Patrick lives in a cozy, one-bedroom apartment in a converted hotel on North Main. It’s a grand old building with crown molding and a marble lobby, but the best part is definitely the view. When we head up to the roof to grill the brats, it’s all there: City Hall, the M Bridge, and the Pyramid.

“I like to come up here in the summer and watch the fireworks,” says Patrick, while the brats sizzle on the grate. “I’ll grill up some steaks and make margaritas.”

Back in Patrick’s kitchen, we start slicing the tomatoes. And if you’ve never seen the inside of a green heirloom tomato, let me recommend it to you. They’re like little works of art in there — little paintings by William Turner, grading in color from pale green to peach to gold to pink.

We sauté the tomatoes with apples and pears, then add a mixture of vinegar, sugar, and pickle juice. While the chutney reduces, we slice the pickles, goat cheese, and some kale. Then it’s go time.

Ladies and gentlemen, there are moments in life when the planets align, the clouds open up, and the sandwich gods smile down on us. This was one of those moments. The green tomato chutney was sweet and tart, beautifully cutting against the heartiness of the brats. And the goat cheese added just the right note of herbed creaminess to the blend.
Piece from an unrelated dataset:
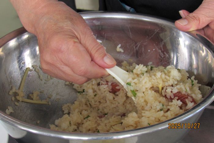 - 「手こねすし」は、本来はカツオを用いた漁師飯で、漁船の上で釣ったばかりのカツオをさばいて白米と混ぜ合わせて食べる簡単なお寿司のようだが、今回はカツオではなく、マグロを使って調理するとのこと。炊飯器で炊いた米に酢、砂糖、塩を混ぜた「合わせ酢」を回しかけて「すし飯」を作る。刺身用マグロは6mm厚さに切って、漬け汁(醤油とみりん)に15分ほど漬けておく。その後に、「すし飯」にマグロを漬けておいた「つけ汁」を加えてよく混ぜ、さらに漬けたマグロの半分ほどを加えてサックリと混ぜる。これを器に盛って、残りのマグロを載せ、その上にせん切りした「しょうが」と「青じそ」を振りかければ出来上がりである。

To make a sandwich that good, you have to believe in what you’re doing. You have to mean it. Fortunately, that’s not a problem for Patrick. As we finish our sandwiches, scraping the leftover goat cheese off our plates, he confesses that for him, cooking isn’t just a job — it’s a calling.

“I’m not gonna be a doctor,” he says. “I’m not gonna find a cure for cancer. But I can cook. And by being able to serve somebody a dish that came from my heart, I’m doing my part to make Memphis a little better.”
Editor’s note: The print version of the story had the opening date as Saturday, December 20th. Unforeseen delays have pushed the opening for another week or so.